## Excerpted records:
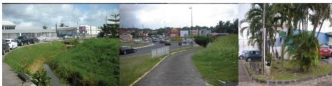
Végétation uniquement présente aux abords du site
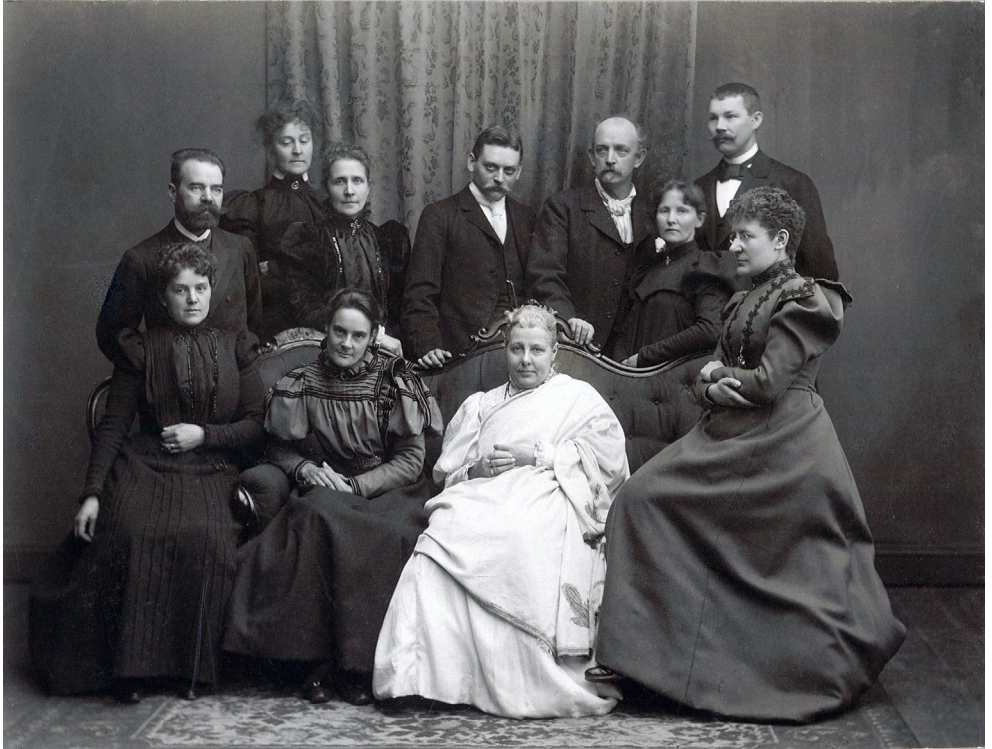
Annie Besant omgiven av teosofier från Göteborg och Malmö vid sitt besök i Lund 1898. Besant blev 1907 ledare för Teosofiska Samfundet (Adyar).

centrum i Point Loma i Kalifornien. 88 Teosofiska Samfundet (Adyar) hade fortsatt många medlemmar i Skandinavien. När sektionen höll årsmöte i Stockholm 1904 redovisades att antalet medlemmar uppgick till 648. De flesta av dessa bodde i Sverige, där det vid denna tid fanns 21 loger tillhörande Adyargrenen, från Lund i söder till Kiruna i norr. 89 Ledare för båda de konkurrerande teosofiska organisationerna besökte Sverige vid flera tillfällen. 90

---

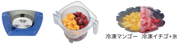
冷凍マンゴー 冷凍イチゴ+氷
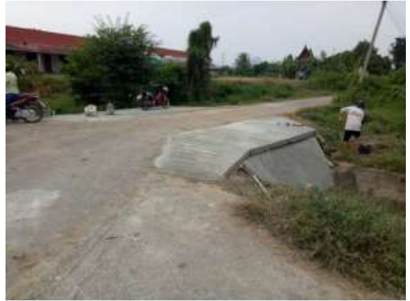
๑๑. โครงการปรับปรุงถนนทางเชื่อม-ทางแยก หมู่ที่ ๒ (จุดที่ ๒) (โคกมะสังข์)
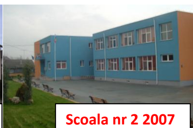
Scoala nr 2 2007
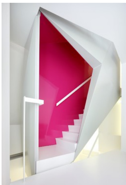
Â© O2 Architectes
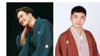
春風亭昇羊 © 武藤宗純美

## Work required:
What to print is the stretch of entries from the line with "Végétation uniquement présente" up to and including the line with "centrum i Point". Please print it exactly and leave out the pictures.

## Worked solution:
Végétation uniquement présente aux abords du site
Annie Besant omgiven av teosofier från Göteborg och Malmö vid sitt besök i Lund 1898. Besant blev 1907 ledare för Teosofiska Samfundet (Adyar).

centrum i Point Loma i Kalifornien. 88 Teosofiska Samfundet (Adyar) hade fortsatt många medlemmar i Skandinavien. När sektionen höll årsmöte i Stockholm 1904 redovisades att antalet medlemmar uppgick till 648. De flesta av dessa bodde i Sverige, där det vid denna tid fanns 21 loger tillhörande Adyargrenen, från Lund i söder till Kiruna i norr. 89 Ledare för båda de konkurrerande teosofiska organisationerna besökte Sverige vid flera tillfällen. 90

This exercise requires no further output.